What I found so far:
- It is possible to change the current Theme using the API.
//Thread: Any
string currentTheme { get; set; }

- You apparently need to reload the game for it to take effect. :(
Forces a new theme to be applied to the save. Will only be active when reloading.
Options are: "Sunny", "North", "Tropical".

Can any dev please confirm that it is not possible to force the game to reload the theme without need to reload?

Thanks
 
Last edited:
I was thinking of this myself. but one problem is that days go by so fast. playing for 30 min could make 2 years go by if playing at 3x speed. but it would be cool if during the winter snow covered everything, during the month of xmas there were xmas lights up on all the houses, stuff like that. i was also thinking of the simulation side of it. like during the spring electricity usage went down because people aren't heating/ cooling their homes as much, during xmas season you got a slight boost of income from all the shopping, during summer a lot more tourist would visit. or maybe during the winter if its the tropical theme.
 
Then cant u just run it from the windows clock? Every 60min of real-time passed in the windows clock, could be a season change.
I mean even the most basic scripts are capable of either checking the computer clock, or at the very simplest, just run a countdown before executing the next command.

I dont know why Colossal Order are so narrowminded to think it has to be tied to the actual gameplay speed (which obviously ruins it when speeding up gametime).
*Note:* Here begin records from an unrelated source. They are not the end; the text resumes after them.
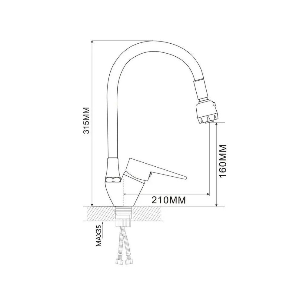 Форма излива:гибкий, поворотный p>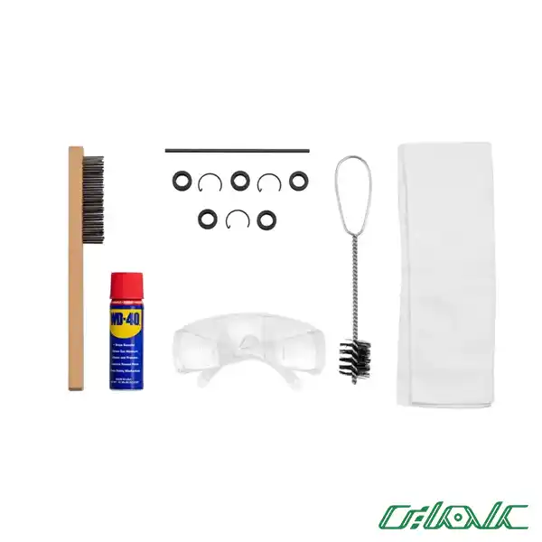 | اقلام همراه | فرچه سیمی گرد - عینک محافظ - فرچه سیمی - دستمال تنظیف - اسپری WD40- 5 عدد رینگ ضربه ای - 3 عدد خار - میله |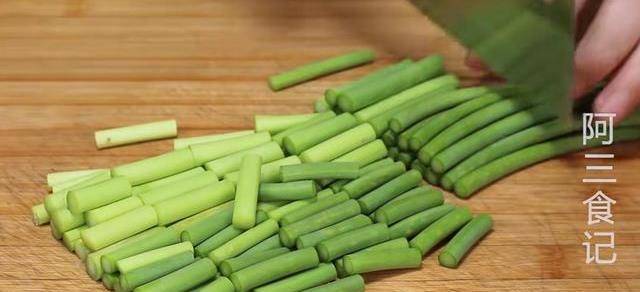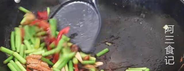 起鍋燒油,放入切好的肉片,翻炒至變色,加入蒜片和蔥花,繼續翻炒,炒出香味。緊接著加入蒜薹大火翻炒一分鐘,放點食鹽,生抽,蠔油和老抽調味,在翻炒勻色後加入紅椒翻炒一分鐘。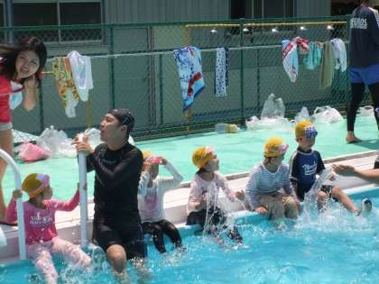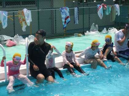 今日は、着衣泳を予定通り行いました。今年度はスポーツジムのメガロス八王子より3名の水泳のインストラクターの方に来ていたただき、指導していただきました。インストラクターの方の中に、あの北島康介選手と一緒に練習をし、実際に北島選手に次ぐタイムを持っている山下コーチにも来ていただきました。着衣泳が終ったあと、山下コーチに平泳ぎで100m泳いでいただき、そのあと、北館コーチに個人メドレーを泳いでいただきました。全体を指導していただいたのは秋葉コーチです。手本の泳ぎを見たあとは、子供たちが泳ぎ、その泳ぎを指導していただきました。水泳の後は、5年生の教室で給食も食べていただき、子供たちと交流を深めました。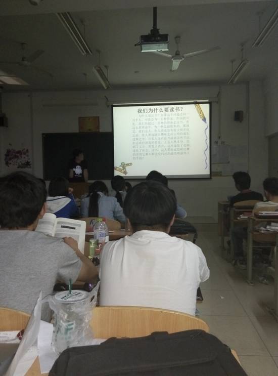 七时许班会召开。本次班会班主任徐娜老师也参与进来。首先,团支书从“你觉得读书重要吗?”和“我们为什么要读书”两个问题展开班会内容,简单明了的点明了读书的重要性。然后又让我们了解了名家读书,然后和一些的趣味的读书知识问答,这让我们的班会气氛更加愉悦。团支书又详细的列了一些读书的好方法,针对我们大学生不爱看书提了几条中肯的建议,让我们受益匪浅。最后班主任徐老师让同学们自己谈对读书的看法,同学们都畅谈所言,每个人都把自己对怎么读书,读什么书详细的说了出来,让我们更了解彼此。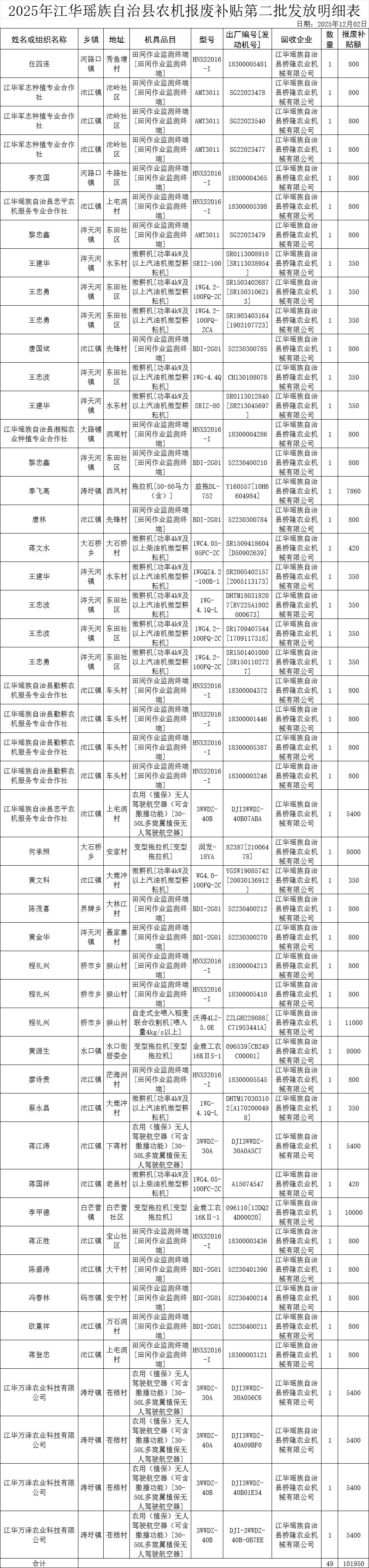 2025年江华瑶族自治县农机报废补贴第二批发放明细表

When i heard their reasoning that "It would look weird if you run at 3x speed and days zoom by really fast", as for why they didnt do it, i just couldnt believe my ears.
Its like saying they wouldnt do city growth because it would look boring to wait 1 real-time year to watch a building get finished.
That kind of argument makes no sense. If that is the issue, why not simply bypass it alltogether in favor of a simple solution?
"I dont like bananas so i wont make a salad, even though i want a salad." Then simply dont mix in bananas!

Why not just keep it simple and problem free? Run a seperate timer that counts down real seconds independent of the gamespeed, or just check the windows clock.
Such simple basic 101 programming, why complicate things by tieing it to the ingame gameplay ticks?
 
Then cant u just run it from the windows clock? Every 60min of real-time passed in the windows clock, could be a season change.
I mean even the most basic scripts are capable of either checking the computer clock, or at the very simplest, just run a countdown before executing the next command.

I dont know why Colossal Order are so narrowminded to think it has to be tied to the actual gameplay speed (which obviously ruins it when speeding up gametime). When i heard their reasoning that "It would look weird if you run at 3x speed and days zoom by really fast", as for why they didnt do it, i just couldnt believe my ears.
Its like saying they wouldnt do city growth because it would look boring to wait 1 real-time year to watch a building get finished.
That kind of argument makes no sense. If that is the issue, why not simply bypass it alltogether in favor of a simple solution?
"I dont like bananas so i wont make a salad, even though i want a salad." Then simply dont mix in bananas!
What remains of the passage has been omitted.